Data items:
################
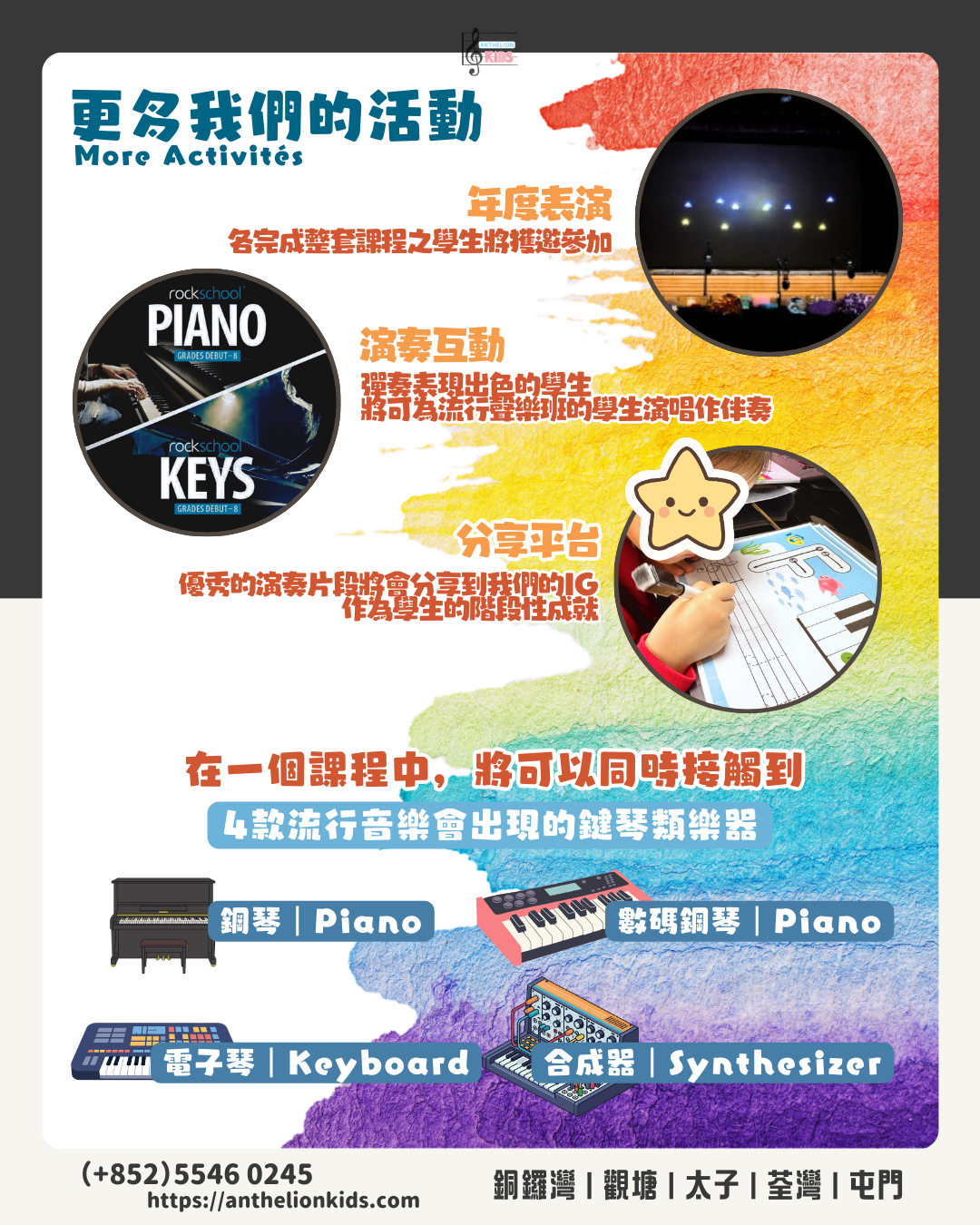 3. 自然融入全面的音樂及樂理訓練(和弦知識、聽力訓練、視奏、即興演奏),讓孩子真正「懂音樂」而不單只是「會彈」,我們相信這是這世代每位孩子需要具備的能力
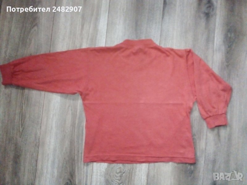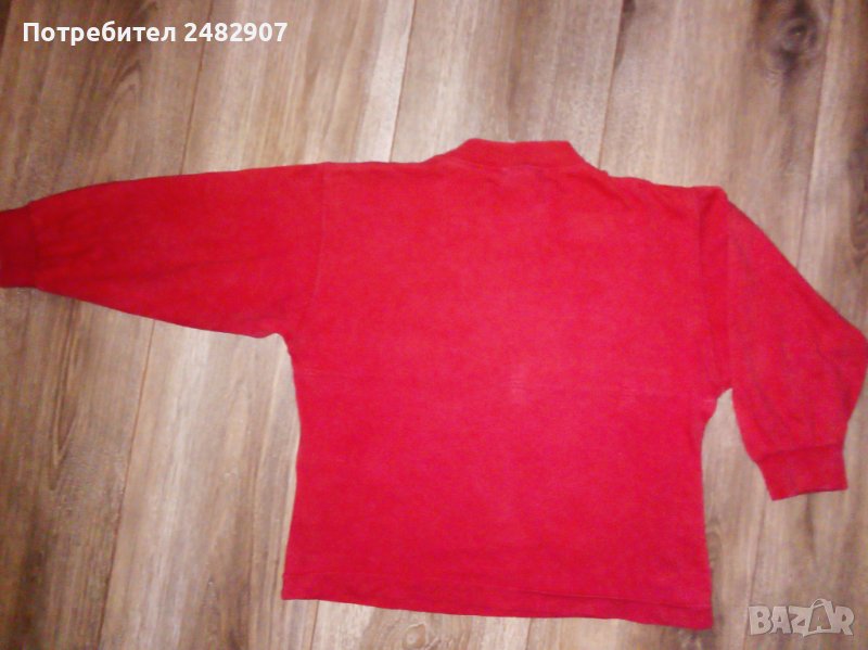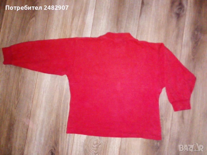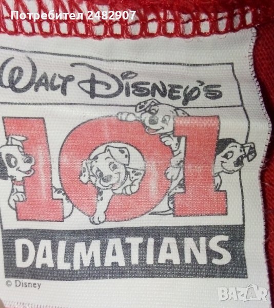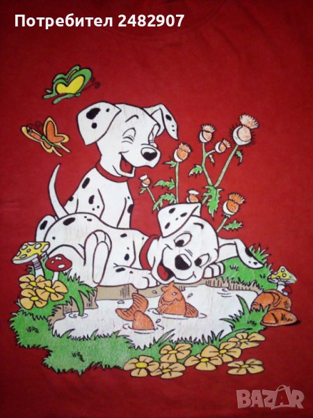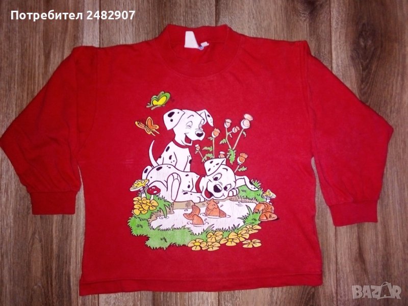 Червена детска блуза с далматинци за ръст 98-104 см. Ширина в раменете - 37 см, ширина под мишниците - 42 см, дължина от рамото до долу - 41,5 см, дължина на ръкава от рамото - 32 см. Запазена, с нормални следи от износване.
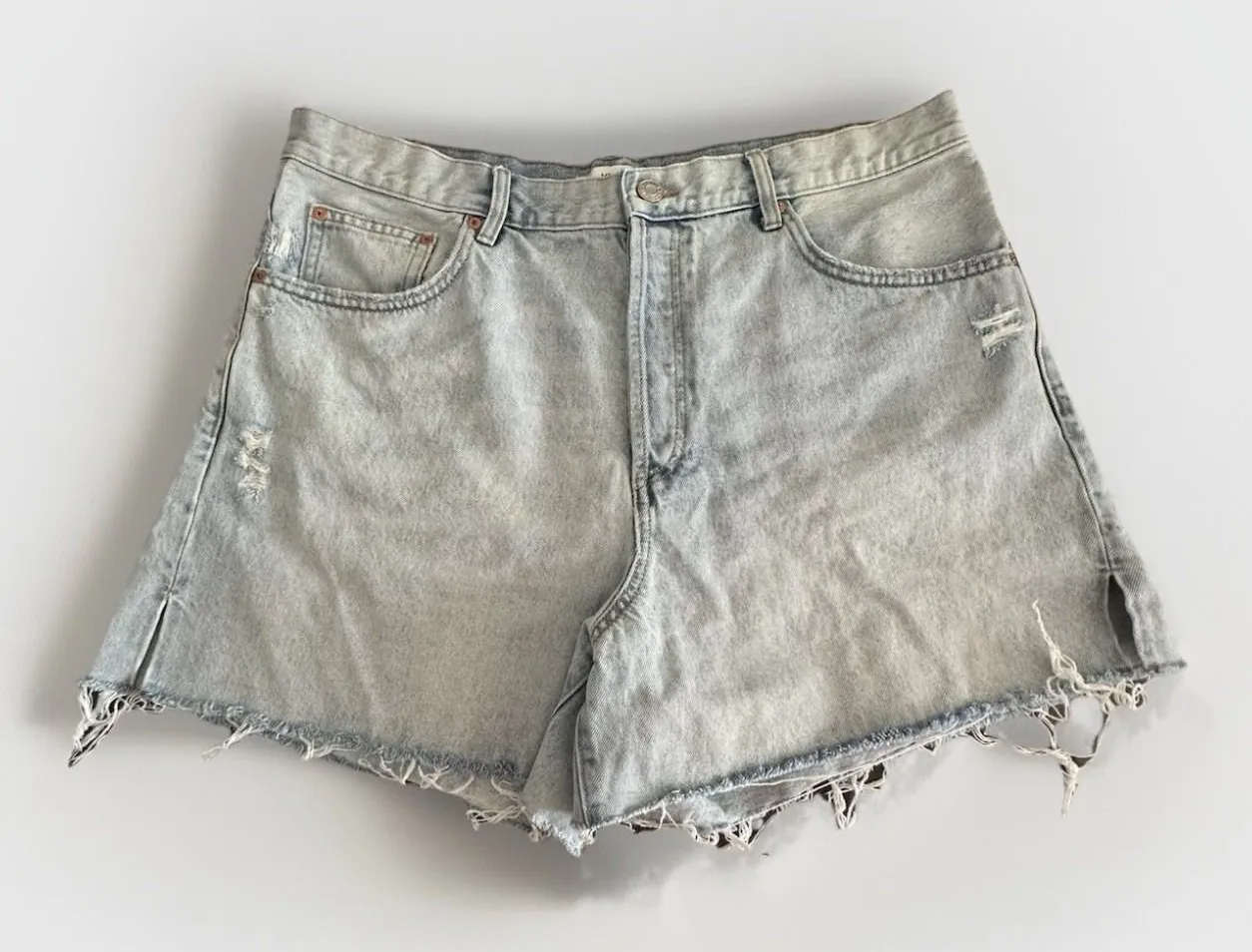 MNG (Mango) Andy jean shorts with strong rodeo-core western energy. Light wash denim with a raw cut-... Show more
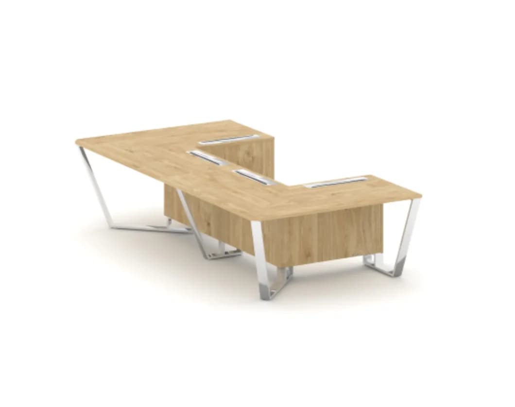 Стол переговорный П-образный 160 - хром тиквуд светлый
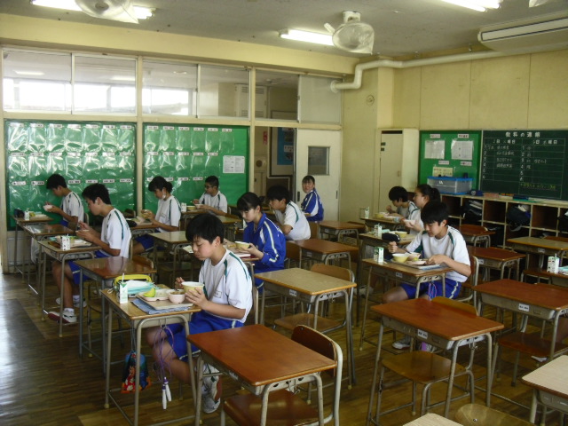 食べる時は、班を作らず、前を向いて静かに食べます。
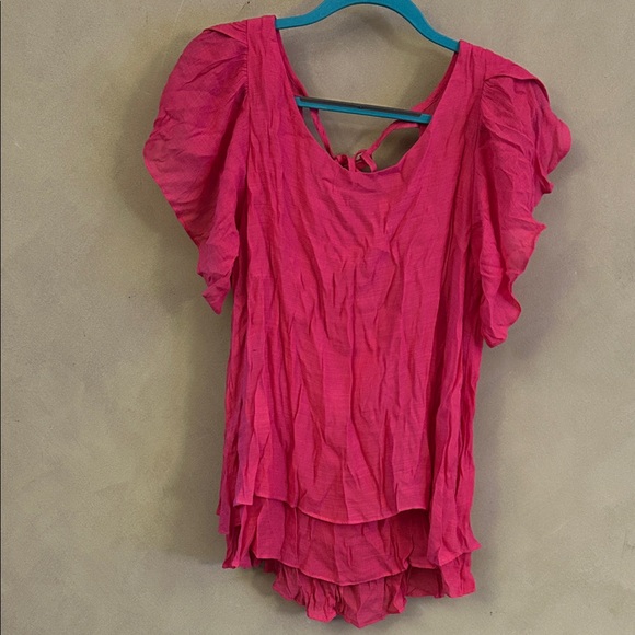 Chic fuchsia blouse with ruffled sleeves. Lightweight and stylish. Perfect for casual outings.
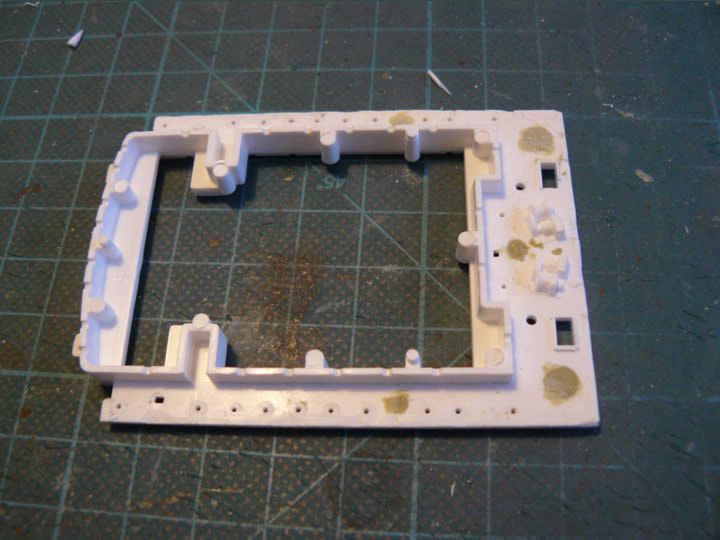 The various deck pieces have very prominent circular indentations, obviously not part of the ship but, presumably, something on the patterns, which are nearly 60 years old. They would be quite noticeable, so before proceeding further these were filled with two part epoxy filler (Milliput) as can be seen in the example shown here.
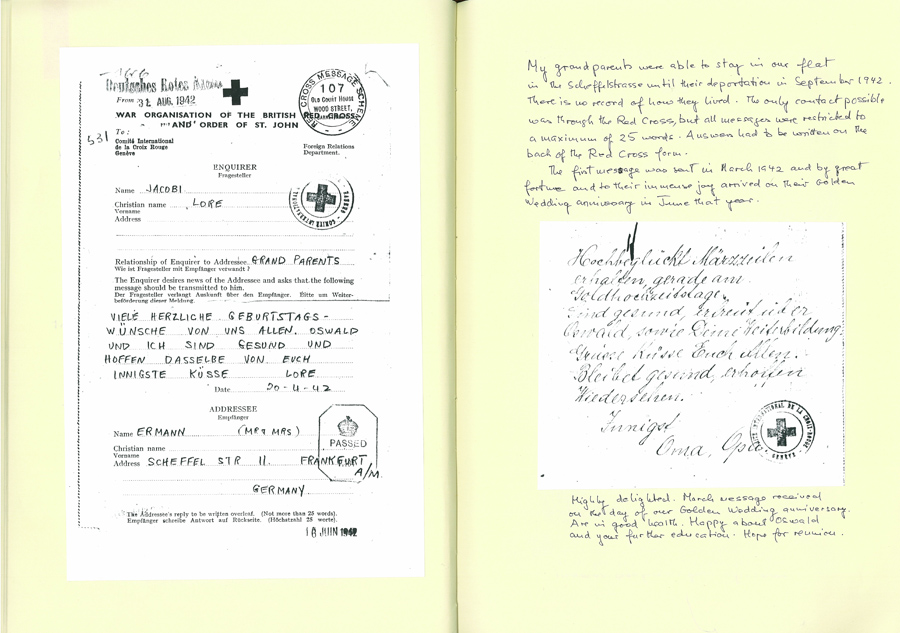 Red Cross-facilitated brief correspondence between Lore and her grandparents after their deportation to concentration camp in September 1942
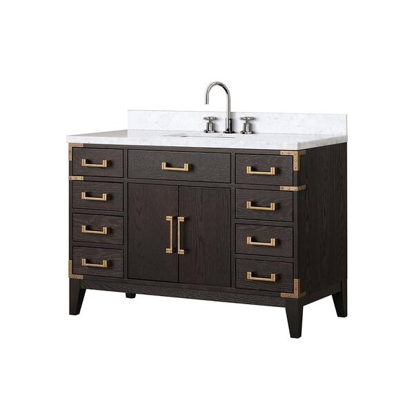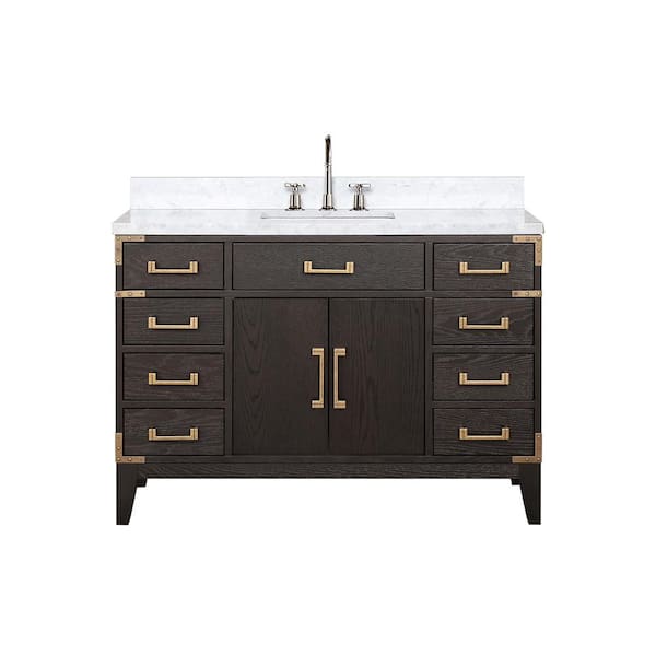 Fossa 48 in W x 22 in D Brown Oak Single Bath Vanity, Carrara Marble Top, and Faucet Set
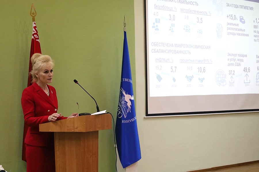 Ректор института, кандидат педагогических наук, доцент Светлана Антоновна Сергейко как делегат Всебелорусского народного собрания представила Программу социально-экономического развития Республики Беларусь на предстоящую пятилетку.
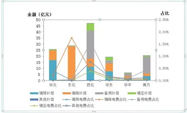 圖1:各區(qū)域電力輔助服務補償費用情況
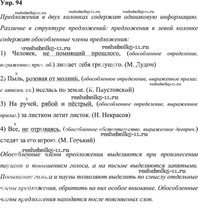 Готовая домашняя работа с ответами по Русскому языку за 8 класс Быстрова, Кибирева, Воителева Учебник Инновационная школа Часть 1, 2 Русское слово 2019 ФГОС - Упражнения 94
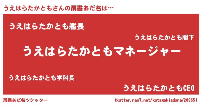| 胡散臭い通販商品みたいなあだ名 | 『必ず成功するブレスレット…その名も「うえはらたかとも」』 |
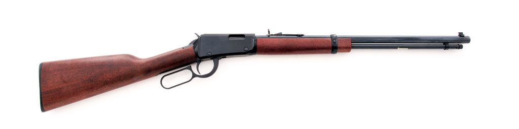 Henry Model H001T Lever Action Rifle, #T097788H, .22 S-L-LR cal., 20'' octagon barrel, dark blue finish, straight grip wood stock, factory buttplate, dovetailed front sight with brass bead, semi-buckhorn rear sight, with a factory grooved receiver. In original box with matching end label, owner's manual, and hang tags. Rifle is in excellent as new overall condition, the receiver with a few slight handling marks. Action and bore both rate as excellent; possibly unfired since leaving the factory. Est.: $250-$350. (Modern)
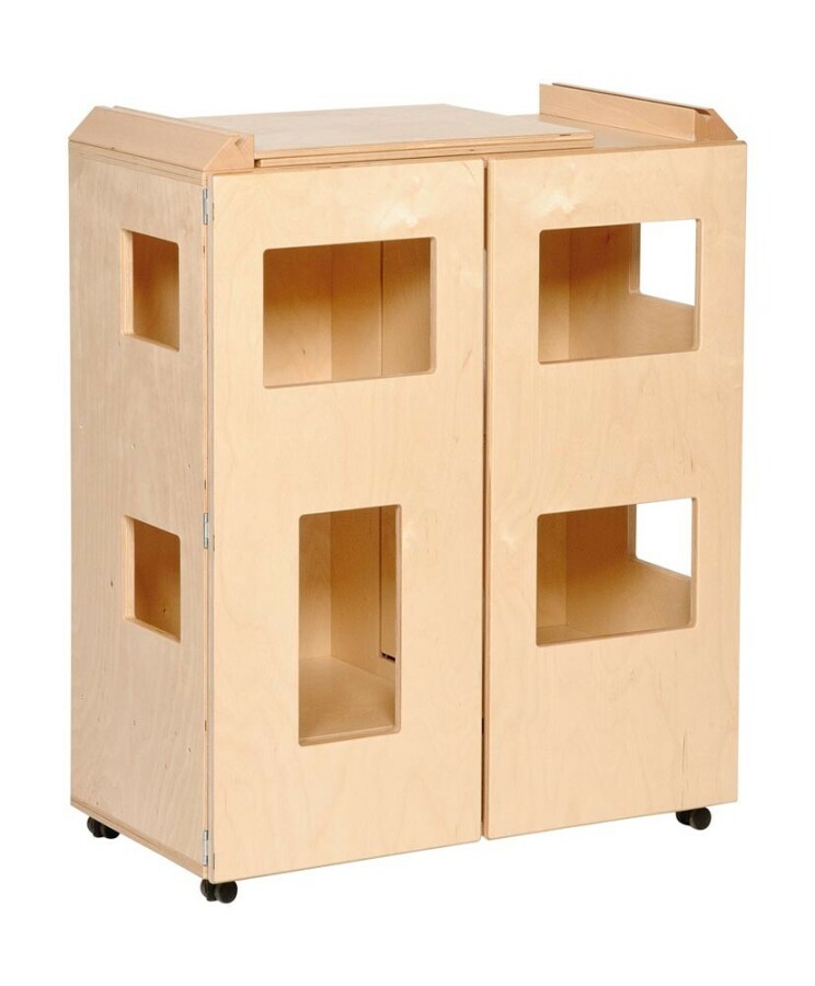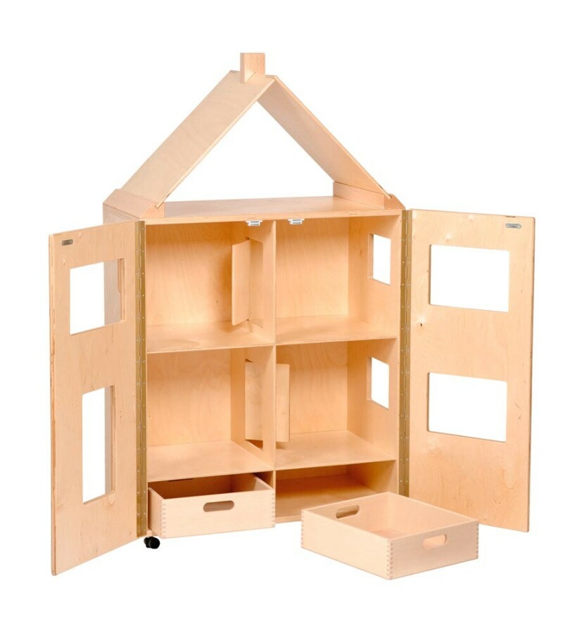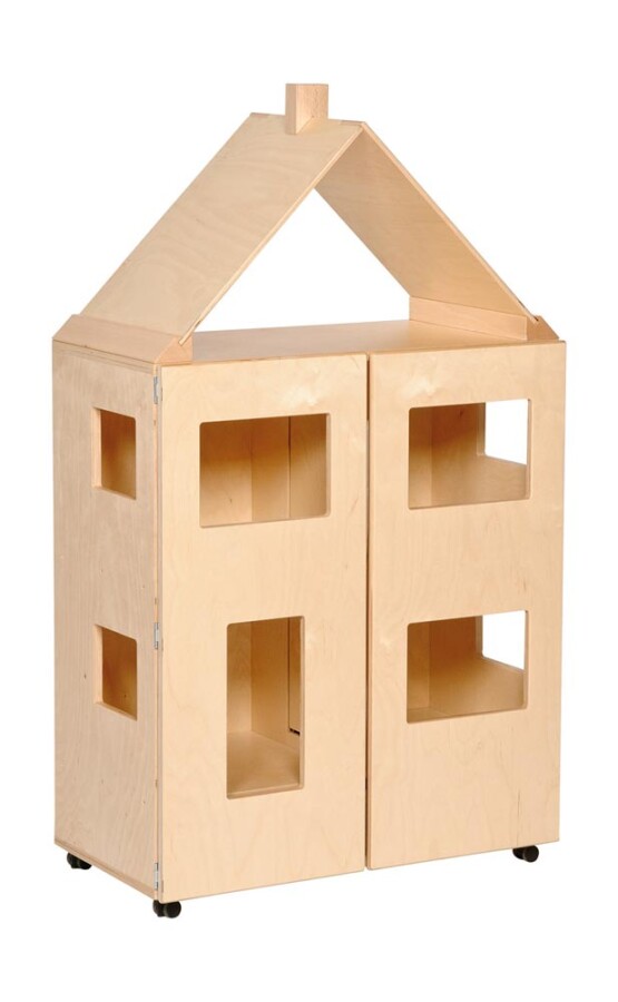 Een groot, verrijdbaar poppenhuis dat je eenvoudig naar elke speelhoek rijdt. Vier ruime kamers met zwaaideuren nodigen uit tot realistisch rollenspel met ook grotere buigpoppen. Twee opbergkisten houden meubeltjes en accessoires binnen handbereik. De buitendeuren sluiten het huis als een kast, wel zo opgeruimd. Het neutrale birkenhout vraagt om eigen behang, gordijntjes en seizoensdecoraties.
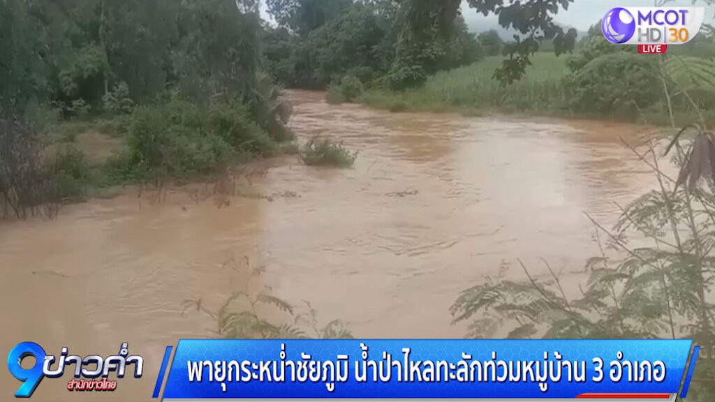 ชัยภูมิ 17 ก.ย.-ชัยภูมิฝนหนัก พายุกระหน่ำน้ำป่าสีแดงขุ่นจากเทือกเขาพญาฝ่อ และเทือกเขาพังเหยไหลหลากกลางดึก ชาวบ้านติดเทือกเขาพญาฝ่อ จ.ชัยภูมิ เกือบไม่รอด
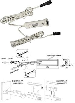 ИК-выключатель (диммер) на взмах руки SIR-5 DL 5A для профиля под пайку DC12-24В, 55х10мм
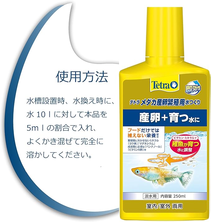 水道水に不足するビタミンB群や各種ミネラルが、水道水を自然環境水に近づけ、メダカの育成に適した水に調整します。
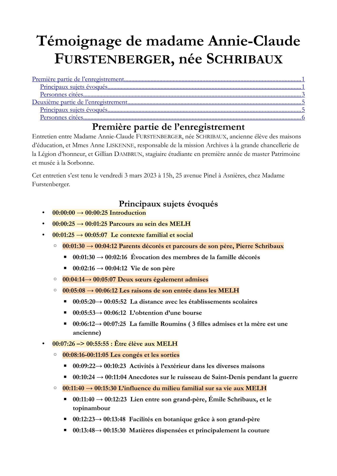 Entretiens entre Madame Annie-Claude FURSTENBERGER, née SCHRIBAUX, ancienne élève des maisons d’éducation, et Mesdames Anne LISKENNE, responsable de la mission Archives à la grande chancellerie de la Légion d’honneur, et Gillian DAMBRUN, stagiaire étudiante en première année de master Patrimoine et musée à la Sorbonne, enregistrés à Asnières les 3 et 30 mars 2023
################
> [What you should do]: Would you give again, exactly, the lines in the data above that run from the line containing "Red Cross-facilitated brief" to the line containing "胡散臭い通販商品みたいなあだ名 | 『必ず成功するブレスレット…その名も「うえはらたかとも」』 |"? Include both ends and no pictures.

> [Answer below]:
 Red Cross-facilitated brief correspondence between Lore and her grandparents after their deportation to concentration camp in September 1942
 Fossa 48 in W x 22 in D Brown Oak Single Bath Vanity, Carrara Marble Top, and Faucet Set
 Ректор института, кандидат педагогических наук, доцент Светлана Антоновна Сергейко как делегат Всебелорусского народного собрания представила Программу социально-экономического развития Республики Беларусь на предстоящую пятилетку.
 圖1:各區(qū)域電力輔助服務補償費用情況
 Готовая домашняя работа с ответами по Русскому языку за 8 класс Быстрова, Кибирева, Воителева Учебник Инновационная школа Часть 1, 2 Русское слово 2019 ФГОС - Упражнения 94
| 胡散臭い通販商品みたいなあだ名 | 『必ず成功するブレスレット…その名も「うえはらたかとも」』 |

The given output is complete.